Italy, being the home of the new manner in art, communicated her methods in course of time to her neighbours. Out of her superabundant craftsmen she spared some for other lands. They settled in France, they settled in England; at least they hardly settled here, but they visited us for longer or shorter periods, and left us a legacy in design. Our own craftsmen gradually, and with some reluctance, adopted their methods, and having become accustomed to the strange forms brought from the far south, they turned in later years with increased eagerness to their near neighbours the Dutch, who had themselves learnt the new lesson in their own stolid and unimaginative way.

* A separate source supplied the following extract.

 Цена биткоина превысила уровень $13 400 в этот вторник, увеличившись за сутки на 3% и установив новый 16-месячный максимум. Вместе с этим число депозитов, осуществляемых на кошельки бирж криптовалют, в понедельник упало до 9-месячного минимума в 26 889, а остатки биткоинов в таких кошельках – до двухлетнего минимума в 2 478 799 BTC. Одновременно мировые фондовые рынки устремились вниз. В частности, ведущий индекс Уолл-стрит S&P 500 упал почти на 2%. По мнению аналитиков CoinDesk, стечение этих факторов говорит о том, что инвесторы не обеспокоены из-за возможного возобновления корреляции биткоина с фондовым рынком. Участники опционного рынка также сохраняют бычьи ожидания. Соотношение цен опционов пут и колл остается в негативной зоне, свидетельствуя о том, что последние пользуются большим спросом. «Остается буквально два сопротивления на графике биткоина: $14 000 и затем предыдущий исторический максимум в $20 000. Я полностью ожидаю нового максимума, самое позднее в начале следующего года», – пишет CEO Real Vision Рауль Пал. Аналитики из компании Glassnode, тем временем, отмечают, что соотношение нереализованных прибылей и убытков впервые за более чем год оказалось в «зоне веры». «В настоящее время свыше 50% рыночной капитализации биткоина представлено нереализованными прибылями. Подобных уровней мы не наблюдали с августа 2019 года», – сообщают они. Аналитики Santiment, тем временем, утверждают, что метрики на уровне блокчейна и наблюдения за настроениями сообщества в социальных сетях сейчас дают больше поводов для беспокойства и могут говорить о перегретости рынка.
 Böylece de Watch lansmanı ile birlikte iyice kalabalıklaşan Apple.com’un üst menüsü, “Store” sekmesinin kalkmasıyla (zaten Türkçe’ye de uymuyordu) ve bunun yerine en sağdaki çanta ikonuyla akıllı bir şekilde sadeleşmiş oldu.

The early steps in the change of design are of great interest. They appear at first infrequently and tentatively in insignificant ornament; then rather more freely; after a time they affect prominent features such as cornices; then the pediment appears; the pointed arch gives way to the semicircular, windows become square-headed; classic pilasters are introduced, sparingly at first, but afterwards with more freedom; symmetry of disposition in the plan of the house becomes more frequent. Yet beneath all these Italian adornments the body of the house is of the old English type; with all its foreign variations, the melody itself is native. It is an endless delight to watch the struggles of the English craftsman with his novel ornament. Sometimes they resulted in quaint applications of misunderstood features; sometimes in proportions which would have pained the eye of Palladio; but frequently in charming little bits of design, refreshingly simple and unobtrusive.

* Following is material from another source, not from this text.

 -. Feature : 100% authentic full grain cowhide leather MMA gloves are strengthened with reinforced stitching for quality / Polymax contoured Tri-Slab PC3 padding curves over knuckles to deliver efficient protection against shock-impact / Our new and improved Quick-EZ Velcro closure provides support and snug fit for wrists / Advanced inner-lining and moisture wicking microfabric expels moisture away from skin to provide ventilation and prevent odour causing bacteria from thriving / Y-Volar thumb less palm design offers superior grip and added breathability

Meantime the plan of the house was continued on the old lines, and Henry VIII.’s reign saw no great or general development of accommodation. A large number of houses were built during his reign and that of his predecessor, and it is to this period that may be attributed a great proportion of the domestic work of late Gothic or Tudor character.

92. Plan of Horham Hall, Essex.

Horham Hall, in Essex, is a good example, moderate in size, of this period. It was built in the early years of the sixteenth century by Sir John Cutt, who died in 1520. The plan (Fig. 92) follows the ancient lines, the great hall being in its traditional relationship to the rest of the house. The old indifference to regularity is well illustrated by the passage, treated as a kind of bay window, which leads from the hall to the north wing. The windows in general have but one range of lights, but in the bay of the hall and in the passage, the lingering reluctance to adopt large windows is thrown away (Fig. 93), and we get a foretaste of that vast array of lights which was presently to become a distinguishing feature of domestic architecture. There is a large fireplace in the hall and a contemporary louvre in its roof; a somewhat curious combination, inasmuch as the louvre would be needless, either for the escape of smoke or (in view of the large bay window) for the admission of light.